As time passed into the early 1970s, the frozen dinner marketplace had become increasingly competitive, with new cuisines and many different flavors. Swanson’s was slow to upgrade their products and their aluminum packaging, which was not microwave-safe.
As a result, they were losing market share to TV dinner competitors such as Stouffers Lean Cuisine and many others.
Finally, in the 1980s. Swanson moved to a microwaveable tray and a new brand called “Le Menu.”
It might have been a case of “too little, too late,” as in March of 1988, the Campbell Soup Company spun off its Swanson TV dinner business and several other brands to Vlasic Foods International.
In 2001, Vlasic was rebranded Pinnacle Foods and continued to use the Swanson name under a 10-year agreement signed with the Campbell Soup Company.
That “Swanson” name agreement expired in the summer of 2009, just before Pinnacle acquired the Bird’s Eye Food Company.

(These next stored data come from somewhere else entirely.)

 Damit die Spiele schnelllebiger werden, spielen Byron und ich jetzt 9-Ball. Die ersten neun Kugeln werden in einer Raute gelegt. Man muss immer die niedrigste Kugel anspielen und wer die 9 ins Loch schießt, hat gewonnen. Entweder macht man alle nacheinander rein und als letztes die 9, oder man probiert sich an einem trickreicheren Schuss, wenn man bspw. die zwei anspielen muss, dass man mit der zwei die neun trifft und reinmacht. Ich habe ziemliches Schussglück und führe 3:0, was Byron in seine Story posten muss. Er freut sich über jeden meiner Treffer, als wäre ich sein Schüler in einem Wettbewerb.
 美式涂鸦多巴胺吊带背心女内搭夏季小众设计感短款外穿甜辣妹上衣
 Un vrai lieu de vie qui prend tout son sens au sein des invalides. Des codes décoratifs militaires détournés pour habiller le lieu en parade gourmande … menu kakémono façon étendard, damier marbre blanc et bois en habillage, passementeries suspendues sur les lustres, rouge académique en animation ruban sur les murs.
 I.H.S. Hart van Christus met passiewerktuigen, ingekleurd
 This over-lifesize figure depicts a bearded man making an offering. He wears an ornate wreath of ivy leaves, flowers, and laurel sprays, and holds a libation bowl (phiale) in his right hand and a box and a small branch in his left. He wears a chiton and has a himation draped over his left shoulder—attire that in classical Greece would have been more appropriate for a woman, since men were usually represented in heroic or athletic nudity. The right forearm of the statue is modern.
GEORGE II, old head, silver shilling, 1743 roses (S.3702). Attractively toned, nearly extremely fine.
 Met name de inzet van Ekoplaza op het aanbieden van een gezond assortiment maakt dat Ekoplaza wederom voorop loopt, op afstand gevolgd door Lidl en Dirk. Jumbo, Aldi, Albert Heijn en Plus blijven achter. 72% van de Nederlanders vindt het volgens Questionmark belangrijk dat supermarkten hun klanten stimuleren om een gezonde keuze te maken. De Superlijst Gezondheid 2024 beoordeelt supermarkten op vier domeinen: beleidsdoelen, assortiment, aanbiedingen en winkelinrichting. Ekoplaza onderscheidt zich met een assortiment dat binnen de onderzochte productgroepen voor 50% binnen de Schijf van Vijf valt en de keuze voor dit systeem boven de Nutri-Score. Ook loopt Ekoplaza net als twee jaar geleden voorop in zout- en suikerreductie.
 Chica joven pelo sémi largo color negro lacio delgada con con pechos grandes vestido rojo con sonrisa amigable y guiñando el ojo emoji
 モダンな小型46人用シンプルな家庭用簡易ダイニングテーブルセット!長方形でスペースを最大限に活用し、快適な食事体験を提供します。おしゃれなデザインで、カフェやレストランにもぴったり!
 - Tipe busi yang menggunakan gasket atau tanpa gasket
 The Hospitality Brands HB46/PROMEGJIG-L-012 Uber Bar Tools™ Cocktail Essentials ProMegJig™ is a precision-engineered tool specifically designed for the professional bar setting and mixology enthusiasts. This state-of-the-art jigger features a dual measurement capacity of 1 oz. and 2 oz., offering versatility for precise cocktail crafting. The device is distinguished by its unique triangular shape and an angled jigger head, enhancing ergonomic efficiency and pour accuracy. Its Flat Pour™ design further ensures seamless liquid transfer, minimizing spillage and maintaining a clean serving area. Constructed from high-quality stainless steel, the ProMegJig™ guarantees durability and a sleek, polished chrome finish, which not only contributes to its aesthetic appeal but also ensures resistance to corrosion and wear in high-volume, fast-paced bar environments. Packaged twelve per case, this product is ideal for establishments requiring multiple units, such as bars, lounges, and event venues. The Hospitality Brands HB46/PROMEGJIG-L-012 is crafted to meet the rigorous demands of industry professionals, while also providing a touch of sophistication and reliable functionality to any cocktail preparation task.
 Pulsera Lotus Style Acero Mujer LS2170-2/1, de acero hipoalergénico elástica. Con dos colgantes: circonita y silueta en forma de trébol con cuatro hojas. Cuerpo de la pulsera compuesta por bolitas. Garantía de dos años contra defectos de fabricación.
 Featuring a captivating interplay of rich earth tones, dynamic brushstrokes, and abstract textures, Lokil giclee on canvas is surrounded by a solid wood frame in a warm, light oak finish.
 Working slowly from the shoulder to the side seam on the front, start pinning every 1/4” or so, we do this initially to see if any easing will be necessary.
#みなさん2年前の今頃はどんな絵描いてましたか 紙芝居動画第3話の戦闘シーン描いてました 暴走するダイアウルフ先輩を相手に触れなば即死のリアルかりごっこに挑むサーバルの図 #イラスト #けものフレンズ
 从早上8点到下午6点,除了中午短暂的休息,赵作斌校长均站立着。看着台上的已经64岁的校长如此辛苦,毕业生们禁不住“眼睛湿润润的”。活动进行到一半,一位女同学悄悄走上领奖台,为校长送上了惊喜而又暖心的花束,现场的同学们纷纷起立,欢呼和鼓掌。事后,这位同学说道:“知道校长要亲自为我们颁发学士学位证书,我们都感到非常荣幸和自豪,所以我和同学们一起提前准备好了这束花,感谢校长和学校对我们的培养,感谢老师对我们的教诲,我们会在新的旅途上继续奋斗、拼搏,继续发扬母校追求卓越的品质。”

In the future, Pinnacle would continue to manufacture and market frozen meals under the Hungry-Man label.
On June 27, 2018, Conagra Brands announced the purchase of Pinnacle Foods for 8.1 billion. The acquisition closed on October 26, 2018.
In the 1950s, while sitting on the family chesterfield, holding my Swanson turkey dinner, I never envisioned that the Swanson Company would reshape into a billion-dollar industry. At that time, I had no idea what a billion dollars might be. My thoughts were of contentment and happiness, my dog Skippy planted quietly at my feet, anticipating his usual feed of those dreadful green peas, as I wondered whether The Lone Ranger and his always knowledgeable, faithful friend Tonto would finally capture the bad guys.